The detail feature box is used to extract the detail features by AugFPN feature fusion. As mentioned above, a network for identifying citrus diseases is proposed based on ResNet50. Although the features are extracted by convolution, after resampling again, some small pixel object features have been lost and cannot be recognized effectively. To ensure that the detailed features are not lost in the citrus disease recognition, the object features of any size can be effectively detected, and the correct recognition results can be obtained. Based on the main feature frame path, this article uses the AugFPN after the improved FPN [30] to add feature fusion. First, the consistency monitoring mechanism is used to implement the same monitoring signal on these feature maps so that the laterally connected feature maps contain similar semantic information. Second, the residual features are enhanced, and the ratio invariant adaptive pool is used to extract different context information to reduce the information loss of the highest level features in the feature pyramid by means of residuals. Third, soft ROI selection is introduced to make better use of ROI features at different pyramid levels to provide better ROI features for subsequent location refinement and classification. A schematic diagram of its principle is shown in Fig. 6. B1–4 in the figure represent the four feature layers added to the attention mechanism of ResNet50. M1–4 layers represent the auxiliary loss of 4 characteristic layers, and P represents the main loss. The same supervision signal is added to the features of each layer. The specific steps are as follows:

Fig. 6
figure 6

Schematic diagram of the AugFPN fusion framework

1. Consistency monitoring module

First, the feature pyramid is constructed based on the multiscale features (B1, B2, B3, B4) in the main feature box. The ROI characteristics of each level (M1, M2, M3, M4) are obtained through ROI align. Then, the ROI features of (M1, M2, M3, M4) are convoluted by 3 × 3 to obtain the feature pyramid (P1, P2, P3, P4) to generate multiple ROIs. A detector and a classifier are added after (P1, P2, P3, P4) each feature before fusion. These classification and regression parameters are shared at different levels, which can further force different feature maps to learn similar semantic information outside the same monitoring signal. For more stable optimization, the weight is used to balance the auxiliary loss and original loss caused by consistent supervision. Formally, the final loss function formula is as follows:

$$L_{rcnn} = \lambda \left[ {L_{cls,M} \left( {pM,t^{*} } \right) + \beta \left( {t^{*} > 0} \right)L_{loc,M} \left( {d_{M} ,b^{*} } \right)} \right] + L_{cls,P} \left( {p,t^{*} } \right) + \beta \left( {t^{*} > 0} \right)L_{loc,P} \left( {d,b^{*} } \right)$$

\({L}_{cls,M}\) and \({L}_{loc,M}\) are the objective functions corresponding to the auxiliary losses attached to (M1, M2, M3, M4). \({L}_{cls,P}\) and \({L}_{loc,P}\) are the original loss functions on the characteristic pyramids (P1, P2, P3, P4). \(pM\), \({d}_{M}\) and \(p\), \(d\) are the predictions of the middle layer and the final pyramid layer, respectively. \({t}^{*},{b}^{*}\) are basic fact category labels and regression targets, respectively. λ is the weight used to balance the auxiliary loss and the original loss. β is the weight used to balance classification and localization losses. Finally, these classification and regression parameters are shared at different levels, which can further force different features to map in the same monitoring. Learn similar semantic information outside the signal. As shown in Fig. 6 Schematic diagram of the AugFPN fusion framework (a), through the above measures, consistency monitoring can reduce the semantic gap between different scales of information.

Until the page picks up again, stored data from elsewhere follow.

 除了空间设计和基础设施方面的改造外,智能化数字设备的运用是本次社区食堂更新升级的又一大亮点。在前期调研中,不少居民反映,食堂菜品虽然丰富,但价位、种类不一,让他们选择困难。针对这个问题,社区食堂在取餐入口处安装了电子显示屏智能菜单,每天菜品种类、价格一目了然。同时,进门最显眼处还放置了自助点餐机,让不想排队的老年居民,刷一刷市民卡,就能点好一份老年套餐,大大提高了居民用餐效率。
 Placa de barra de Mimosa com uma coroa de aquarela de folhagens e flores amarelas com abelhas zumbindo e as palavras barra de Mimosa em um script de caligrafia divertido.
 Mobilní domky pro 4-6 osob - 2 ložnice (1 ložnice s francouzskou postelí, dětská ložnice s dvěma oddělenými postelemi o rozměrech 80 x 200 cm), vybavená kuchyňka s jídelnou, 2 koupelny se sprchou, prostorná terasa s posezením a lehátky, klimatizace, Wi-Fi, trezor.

3. Residual feature enhancement

AugFPN fusion proposes residual feature enhancement to reduce the loss of semantic information caused by the reduction in the number of channels through spatial information compensation. First, B4 is downsampled into three parts as large as B4 through adaptive pooling. Then, the four layers are fused into P5. The weight of each layer is \(\alpha 1,\alpha\)2,\(\alpha\)3, which are 0.1, 0.2 and 0.3, respectively. After generating P5, it is combined with P4 by summation and propagated to other functions at a lower level. The residual feature enhancement structure is shown in Fig. 6b.

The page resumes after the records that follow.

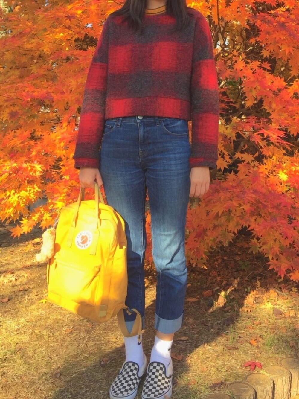 . 紅葉狩りコーデ🍂 紅葉を意識しすぎた感😂 そしてやっと紅葉の良さに気づいた18歳。 ハイウエストのジーンズと丈の短いセーターを合わせたら足長に見える。気がする☺️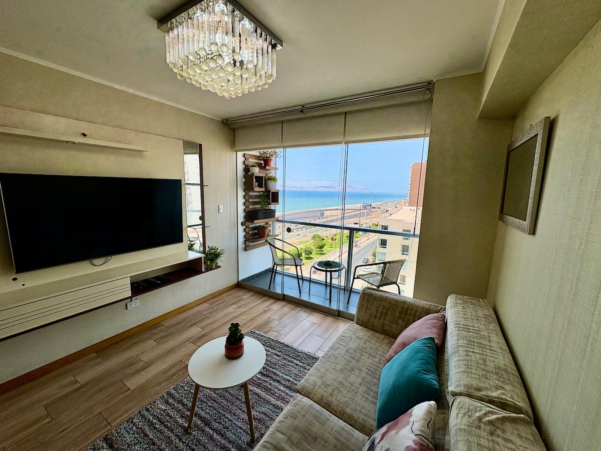Despierta con la vista más espectacular del Océano Pacífico. Este elegante departamento frente al mar ofrece una experiencia única con balcón panorámico, diseño moderno y todas las comodidades para una estadía inolvidable. Perfecto para disfrutar atardeceres mágicos, descansar con el sonido de las olas y vivir la mejor ubicación costera. Ideal para parejas, viajeros o estancias románticas.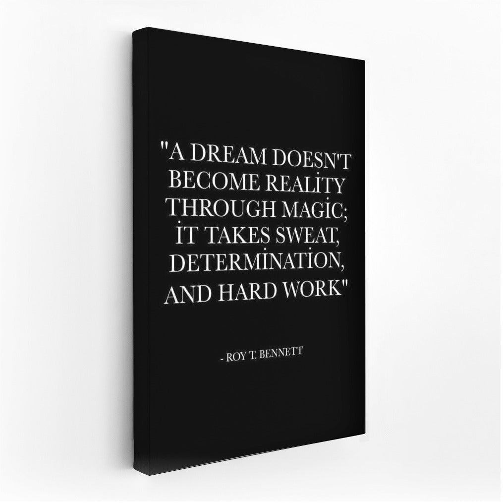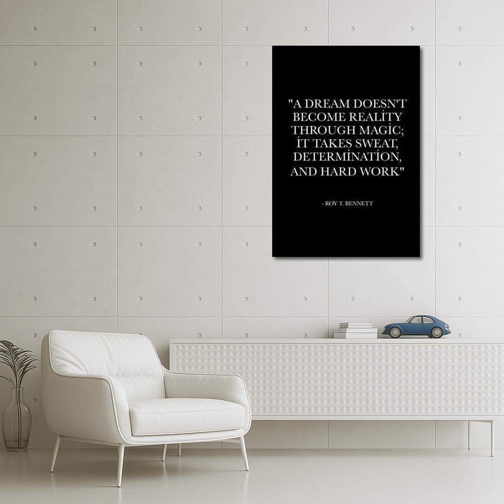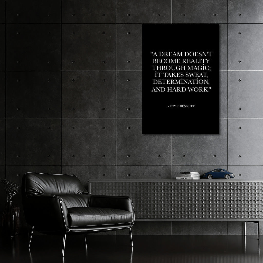 A poster with a quote by Roy T. Bennett: A dream doesn’t become reality through magic; it takes sweat, determination, and hard work. Wall art that gives inspiration and motivation every day. See more from the collection: Inspirational & Motivational Quotes Art
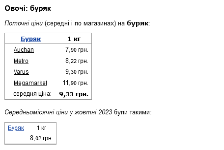 Які зараз ціни на буряк у магазинах

3. Soft ROI feature selection

First, because (P1, P2, P3, P4) each layer contains ROI features, we use the adaptive spatial fusion module (ASF) to adaptively fuse ROI features. ASF generates different spatial weight maps for different levels of region of interest features and weights and fuses the region of interest features. The specific fusion process of different levels of features and the framework of adaptive fusion (ASF) are shown in Fig. 7.

Fig. 7
figure 7

Fusion process of different levels of features and adaptive fusion framework diagram

Based on the above principles, AugFPN reduces the semantic gap between different scale features before feature fusion through consistency monitoring. In feature fusion, the ratio invariant context information is extracted by residual feature enhancement to reduce the information loss of feature mapping at the highest pyramid level. The soft ROI selection method is used to better realize feature extraction and fusion through adaptive spatial fusion. Then, they are integrated with the full connection layer of the network, which can effectively solve the common problem of losing small image features in the main feature frame.

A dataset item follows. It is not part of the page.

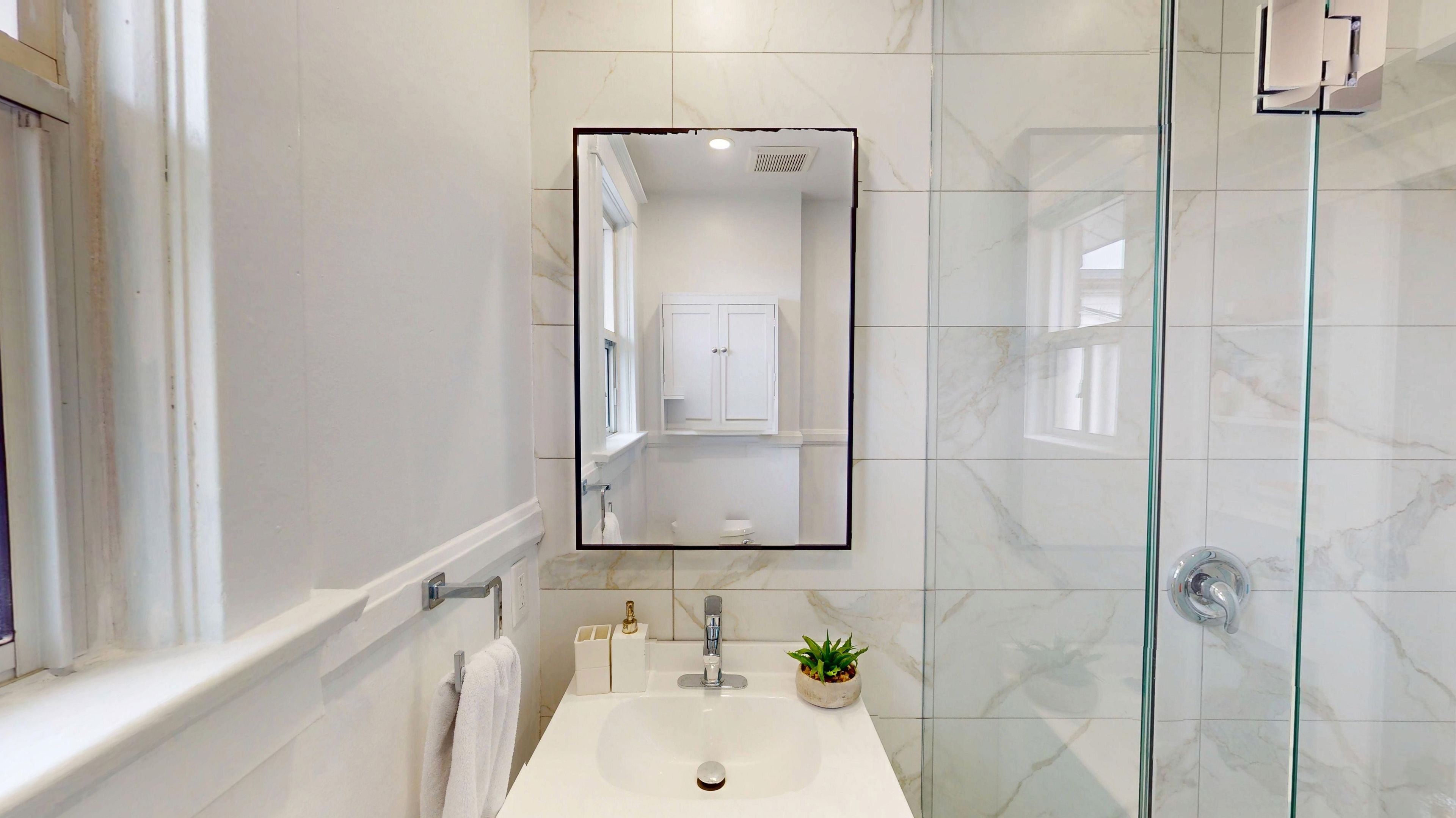 • Newly renovated bathroom adds modern convenience.

Mixed activation function—ELU function

The introduction of an activation function increases the nonlinearity of the neural network model. The nonlinear expression ability of the activation function is strong. When the linear input is large, the output will not expand infinitely, which does not easily lead to gradient explosion. In addition, gradient descent can be effectively realized because the nonlinear activation function is differentiable. Traditional saturation activation functions such as sigmoid and tanh have the problem of gradient disappearance. This will make the convergence of the training network increasingly slower.

The activation function used in the original ResNet50 model is the ReLU [31] function. The linear and unsaturated form of the ReLU function allows the ResNet50 model to solve the problem of gradient disappearance in the positive region. However, if the input distribution after network initialization is not ideal, or a large gradient suddenly occurs in the training process, which affects the distribution of the next input, the distribution centre becomes negative. Then, most of the inputs in the ResNet50 model are negative. When the negative input is activated and zeroed, the gradient will not be obtained. Finally, the weight of the negative input cannot be updated.

In view of the above shortcomings of the ReLU function, we choose another improved ReLU-ELU activation function. The image and its derivative function are shown in Fig. 8:

Fig. 8
figure 8

Image of the ELU function and its derivative function

The expression of the ELU function is:

$$f( x ) = \left\{ \begin{array}{ll} x, &\quad if\left( {x > 0} \right) \hfill \\ \alpha \left( {e^{x} - 1} \right), &\quad otherwise \hfill \\ \end{array} \right.$$

The ELU function is consistent with the part where the ReLU function is greater than 0. When it is less than 0, the ELU function expression is \(\alpha ({e}^{x}-1)\). Thus, the ELU function still outputs when the input is negative. First, this ensures that the ELU function can inherit the advantages of the ReLU function and solve the problems of gradient explosion and gradient disappearance in the network. Second, when the input value of the ELU function is less than 0, the parameters can also be updated, which can effectively solve the problem of neuron death so that the negative part of the activation function can be used effectively. It can also make the network convergence faster.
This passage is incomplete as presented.